Key takeaways
- 3,683 active internal users of AI coding tools — 93% of R&D and 60% of the whole company — generating 47.95M AI requests and 241B tokens through AI Gateway in a 30-day window, eleven months after the rollout began
- The in-house flagship is the AI Code Reviewer: up to 7 specialized reviewer agents (security, performance, code quality, docs, release, Codex compliance, AGENTS.md validation) coordinated by a supervisor agent — 131,246 review runs on 48,095 GitLab MRs in 30 days, median 3m39s and $1.19 average per review, with only 0.6% "break glass" manual overrides
- Honest framing: the engineer-facing assistant layer is third-party (Windsurf and the open-source OpenCode). Cloudflare's strategy is "build the harness, not the agent" — the proprietary work is the review orchestration, MCP Server Portal (13 servers, 182+ tools), auto-generated AGENTS.md across ~3,900 repos, and AI Gateway routing
- Cost discipline at scale: 85.7% prompt cache hit rate across ~120B review tokens, risk-tiered reviews (trivial MRs get 2 agents, full reviews get all 7+), and dynamic model failback chains controlled by a Workers KV config plane
FAQ
What are Cloudflare's internal AI agents?
An internal AI engineering stack built on Cloudflare's own shipping products (AI Gateway, Workers AI, Agents SDK, Sandbox SDK), plus a multi-agent AI Code Reviewer that runs on every merge request in Cloudflare's internal GitLab. The assistant layer engineers type into is third-party (Windsurf, OpenCode); the review system and surrounding harness are built in-house.

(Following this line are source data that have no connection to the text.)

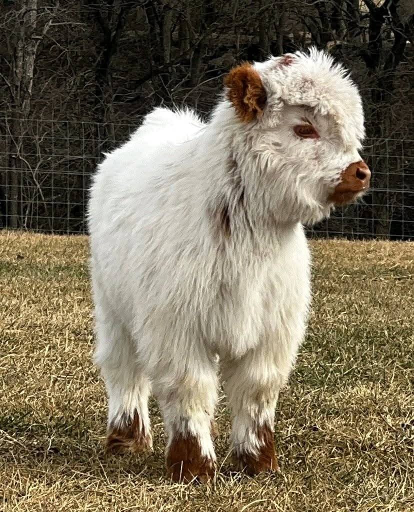 Rusty is a fluffy, white mini Highland calf with a very calm and gentle demeanor. He’s perfect for first-time calf owners.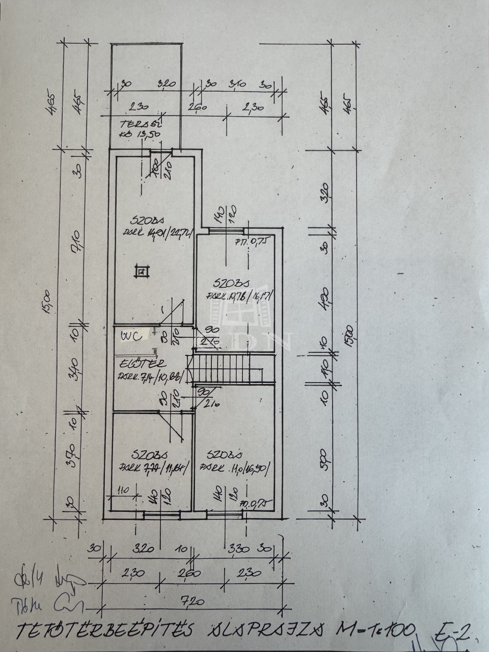 A nagyobb ház 120 nm- es, nappali + 4 szobás.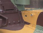 Držák prutové antény radiostanice s průstřely puškovou municí.-

How does Cloudflare's AI Code Reviewer work?
Each merge request is risk-tiered (trivial, lite, full) and reviewed by up to 7 specialized agents — security, performance, code quality, documentation, release management, Engineering Codex compliance, and AGENTS.md validation. A supervisor coordinator agent deduplicates findings, filters false positives, and posts one structured review. It ships as a one-line GitLab CI component include.

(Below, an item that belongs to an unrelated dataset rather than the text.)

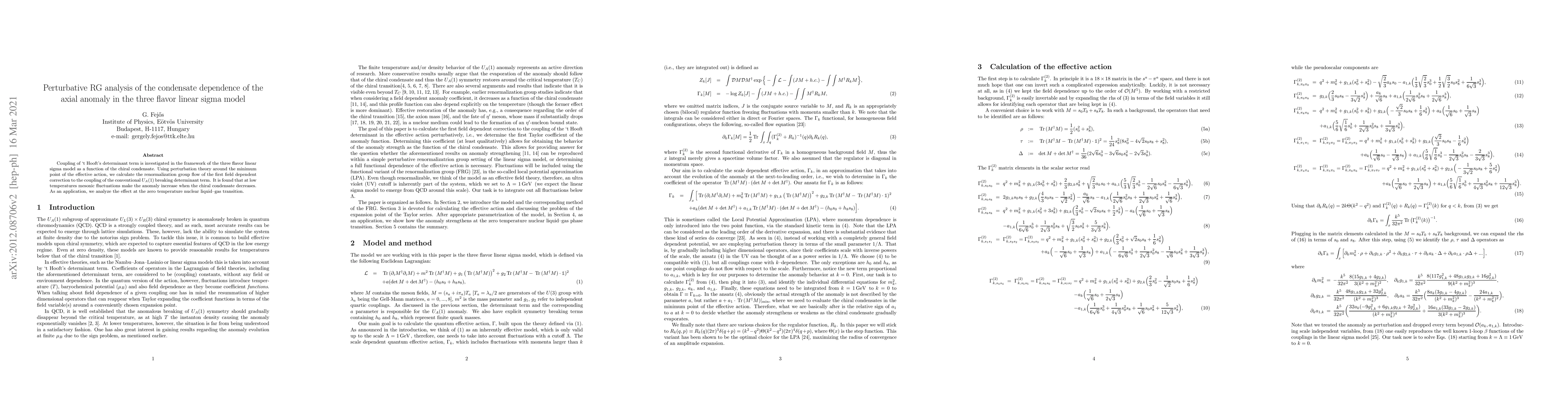 This paper investigates the axial anomaly in the three flavor linear sigma model, finding that mesonic fluctuations increase the anomaly as the chiral condensate decreases. The study uses perturbative renormalization group analysis to explore the coupling of the `t Hooft determinant term, with implications for the zero temperature nuclear liquid-gas transition.

What does Cloudflare's AI code review cost?
Median $0.98 and average $1.19 per review (P99 $4.45) over 131,246 runs in a 30-day window, kept low by an 85.7% prompt cache hit rate and routing lightweight review tasks to cheaper models like Kimi K2.5 on Workers AI.
What models does Cloudflare use internally?
Multi-model by design: Claude Opus 4.7 and GPT-5.4 for the review coordinator, Claude Sonnet 4.6 and GPT-5.3 Codex for security, quality, and performance reviewers, and Kimi K2.5 on Workers AI for documentation and other lightweight passes. Frontier labs handle 91% of AI Gateway requests; models are hot-swappable via a Workers KV control plane.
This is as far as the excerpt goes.